Agent Mesh Workflow Diagram

Once you understand each Agent’s strengths and weaknesses, the natural next question is: can you have them collaborate, chaining tasks via prompts? That’s what I mean by Agent Mesh.

Most of the time, Claude Code is the workhorse — it writes the vast majority of the code. But when it hits a context ceiling, say I need to refactor a module but don’t know which parts of a 500K-line legacy codebase will be affected, I hand it off to Gemini — let it read the entire repo and report back the blast radius.

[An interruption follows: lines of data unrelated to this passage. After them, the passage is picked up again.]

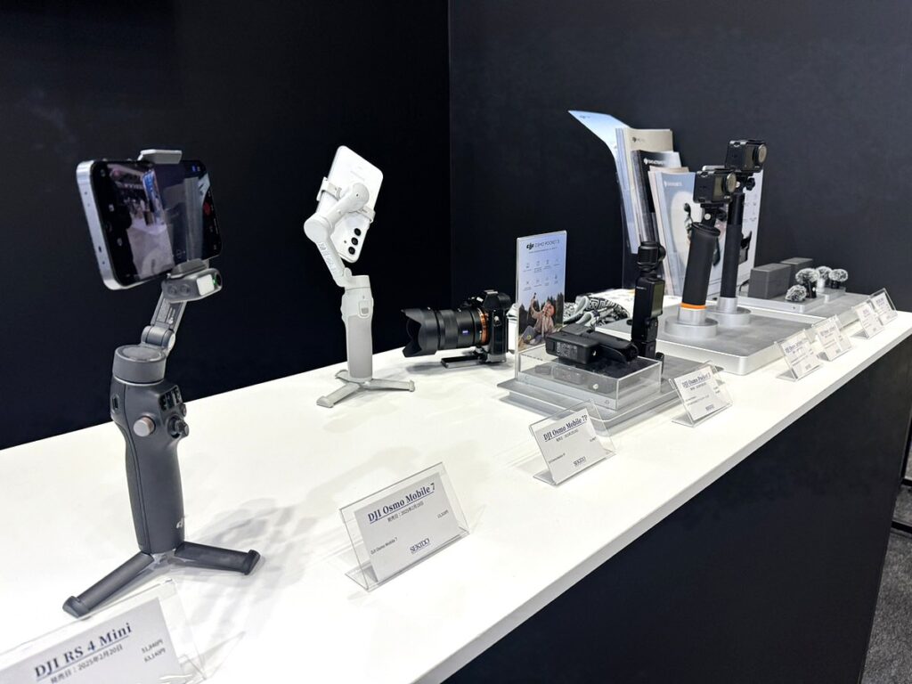 DJIブースでは、カメラ関連製品として2月に発売した新商品のミラーレス対応ジンバルスタビライザー DJI RS 4 Mini や、スマホ用ジンバル DJI Osmo Mobile 7/7P のタッチ&トライを実施しました。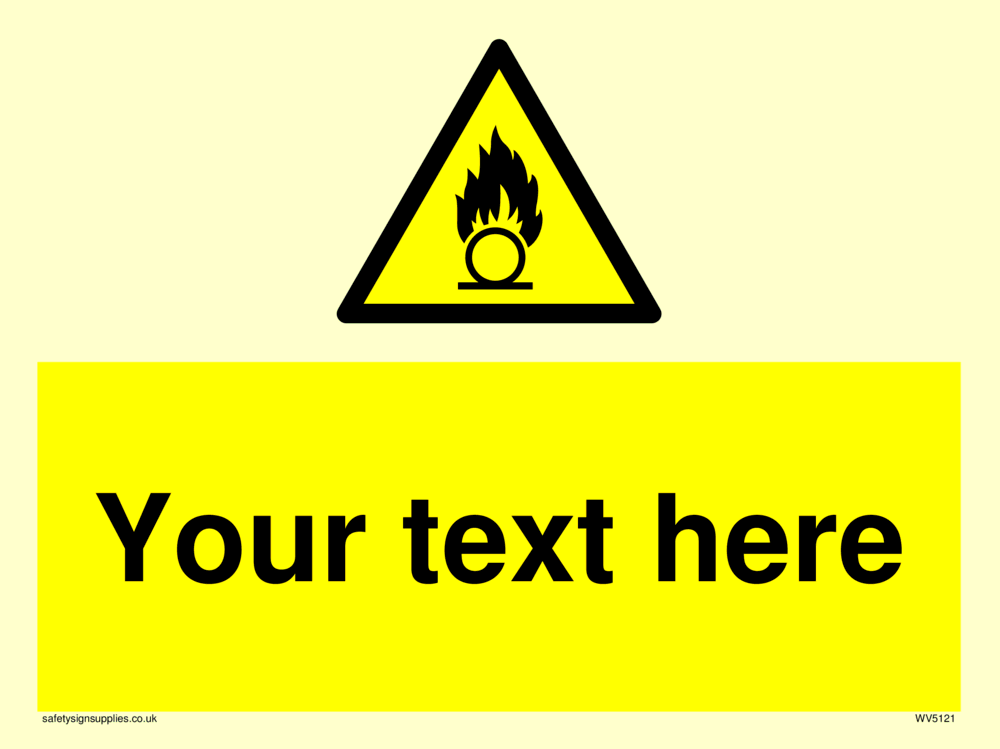 This sign contains an international standard oxidising warning symbol. Flat bar and circle with flames in black in yellow warning triangle with black border.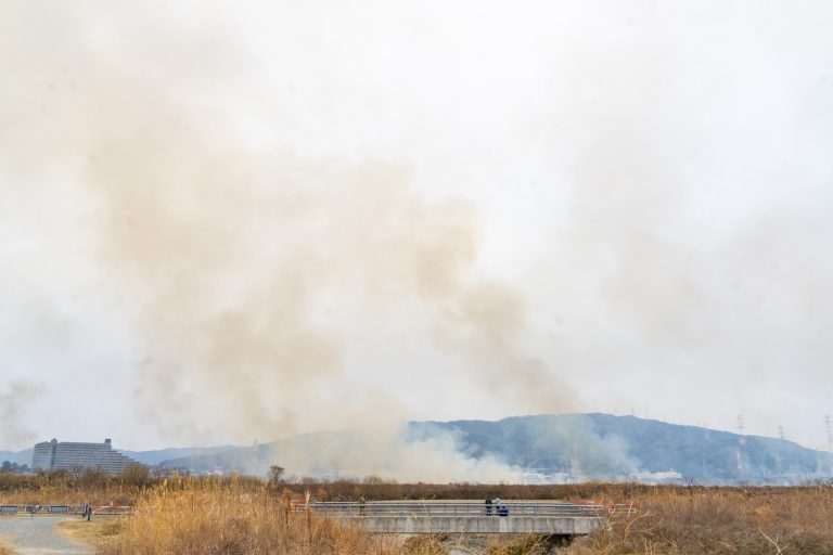 淀川方面に見える煙は高槻側のヨシ原焼きによるものです。 高槻市の鵜殿ヨシ原のヨシは雅楽の楽器「篳篥(ひちりき)」のリードに使われており、世界中のここ高槻でしか採れないというかなり貴重なもの。 そのヨシを育てるための環境作 […] -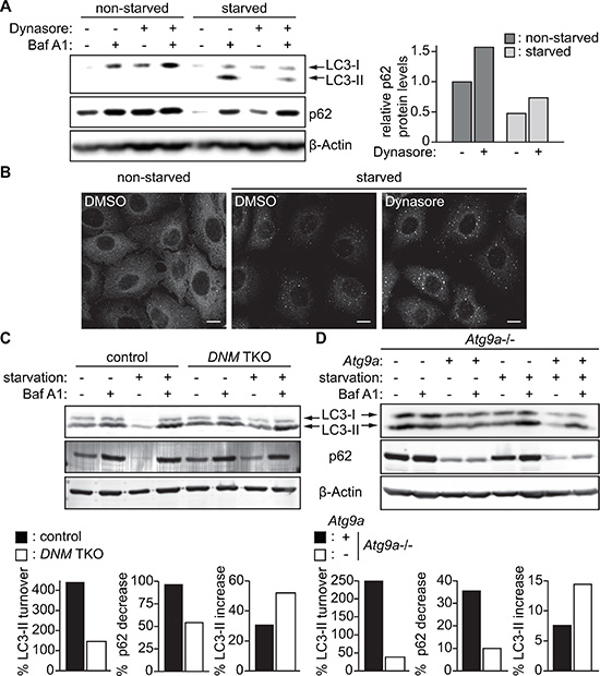 Loss of DNMs or Atg9a accumulates LC3-II and suppresses p62 degradation upon starvation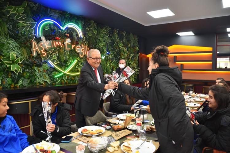 Kdz. Ereğli Belediye Başkanı Halil Posbıyık, 8 Mart Dünya Emekçi Kadınlar Günü’nde belediyede çalışan kadın personel ve Belediyespor Kadın Futbol Takımı oyuncuları ile kahvaltıda bir araya geldi. Rusya ve Ukrayna arasında devam eden savaş nedeniyle sevgi, barış, dostluk çağrısı yapan Başkan Posbıyık, önemli mesajlar verdi.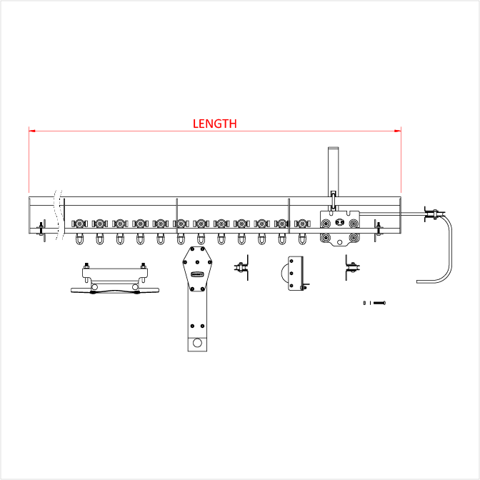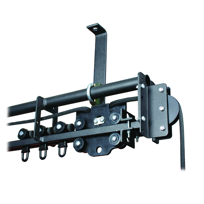 Ein typischer Satz besteht aus Schienen, verstellbaren Halterungen, einem Schrauben- und Mutternsatz, einem Hauptläufer, Läufern, Rollen, Zugseil, Seilhalterungen und einer beschwerten Handrolle.

Conversely, after Claude executes a refactoring plan, I’ll have Gemini cross-reference it against the actual project files to catch hallucinations or broken dependencies. If Gemini encounters a particularly tough algorithmic problem during auditing, it can pass it to Kimi Code for extended reasoning.

After Kimi finishes thinking, it doesn’t touch files directly — it passes conclusions back to Claude Code for implementation. The whole flow is a loop: each does what it’s best at, and results flow between them.


# The Hidden Factor: Agent Architecture vs. Base Model

When trying to combine these Agents, I discovered a point that’s easy to overlook: the underlying base model is only half the equation — the “Agent architecture built around it” determines its actual capabilities.

The best example is Anthropic’s Claude 3.5 Sonnet. You can use this same base model in multiple environments:

  1. As a standard chat assistant in VS Code.
  2. As the driving engine inside Cursor IDE.
  3. Through open-source Agent frameworks like OpenHands / Open Code.
  4. Natively via the Claude Code CLI.

Despite sharing the exact same LLM DNA (Claude 3.5 Sonnet), their real-world capabilities differ dramatically. In demanding engineering workflows, native Claude Code consistently outperforms the others in Agent execution. Why? Because the Agent architecture has been uniquely optimized by the model’s creators (including but not limited to: hidden loop mechanisms, error recovery strategies, and specific context engineering).

Even using excellent open-source alternatives like Open Code with the Claude model, the execution fluidity and architectural vision often falls short of Claude Code. This tells us that when choosing Agents for a Mesh, we’re not just picking a base model (like Sonnet or GPT-4o) — we’re picking the engineering scaffolding built around it.


# Final Thoughts

I don’t think a single “do-it-all” model will emerge to handle everything. What’s truly interesting is orchestration — having Agents with fundamentally different underlying architectures each play to their strengths.

One view I’ve consistently held: when we say “different” agents, we do not mean taking the same underlying model and wrapping it with different system prompts (e.g., role-playing “you are an architect” vs. “you are a tester”). True collaborative sparks only happen when agents have fundamental differences in how they process information at the architectural level.

But how do you know whether two models are truly different, or just fine-tuned versions of the same base? This is where tools like LLM-DNA (a research framework for analyzing evolutionary relationships and functional differences between language models, published in ICLR'26) become invaluable. By analyzing the “genetic” lineage and functional distance between models, we can deliberately select Agents from entirely different evolutionary branches, ensuring they don’t share the same blind spots.

My hands-on engineering experience tells me: the Claude Code + Gemini CLI synergy is currently the most powerful and intuitive combination. Gemini CLI leverages its long context to swallow entire repos and stacks of logs, specializing in catching hallucinations and macro-level auditing. Claude Code focuses on what it does best — understanding code architecture and executing precisely in the local environment.

When you deliberately combine Agents with fundamentally different architectures, they stop overlapping and start complementing each other. That’s the Agent Mesh idea I wanted to share — hope it inspires some of you.